* Activity: In the entries below, repeat only the lines between those holding "Выполнен качественный дорогостоящий" and "Так же в качестве", inclusive. Leave pictures out.

* Records for the task:
────────────────
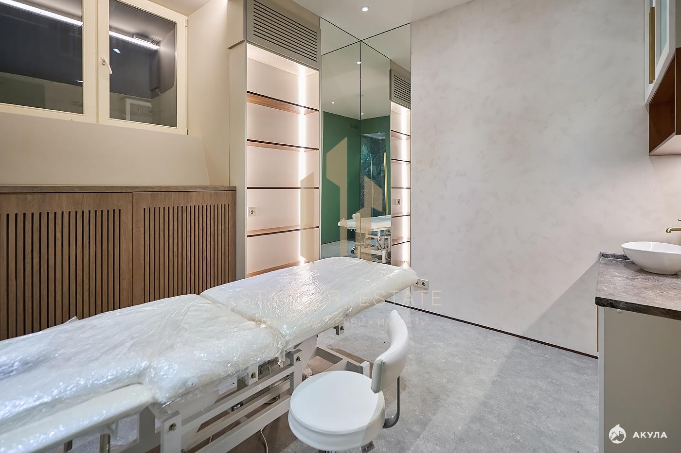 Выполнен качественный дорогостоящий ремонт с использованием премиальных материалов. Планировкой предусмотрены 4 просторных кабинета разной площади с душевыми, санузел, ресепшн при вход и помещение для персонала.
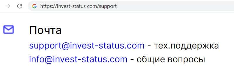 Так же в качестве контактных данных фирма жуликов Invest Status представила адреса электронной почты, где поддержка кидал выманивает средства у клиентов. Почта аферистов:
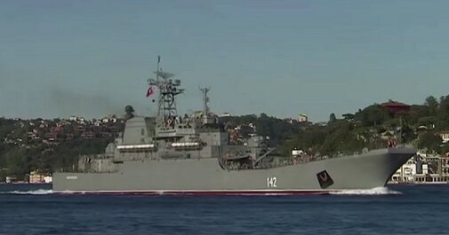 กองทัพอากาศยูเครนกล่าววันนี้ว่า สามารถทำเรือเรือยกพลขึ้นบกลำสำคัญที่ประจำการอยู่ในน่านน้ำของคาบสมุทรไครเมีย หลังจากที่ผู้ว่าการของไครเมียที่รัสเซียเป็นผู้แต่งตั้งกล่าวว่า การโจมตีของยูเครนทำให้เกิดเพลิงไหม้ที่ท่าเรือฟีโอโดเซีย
────────────────
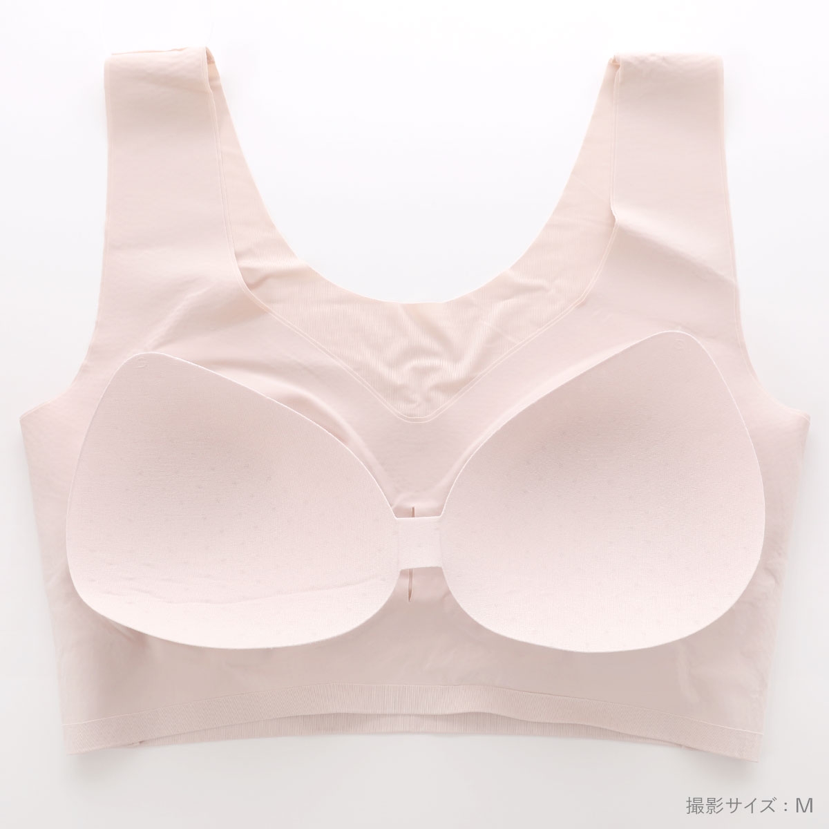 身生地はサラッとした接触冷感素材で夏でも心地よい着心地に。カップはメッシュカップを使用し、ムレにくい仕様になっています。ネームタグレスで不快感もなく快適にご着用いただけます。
────────────────
* Response to the task:
 Выполнен качественный дорогостоящий ремонт с использованием премиальных материалов. Планировкой предусмотрены 4 просторных кабинета разной площади с душевыми, санузел, ресепшн при вход и помещение для персонала.
 Так же в качестве контактных данных фирма жуликов Invest Status представила адреса электронной почты, где поддержка кидал выманивает средства у клиентов. Почта аферистов:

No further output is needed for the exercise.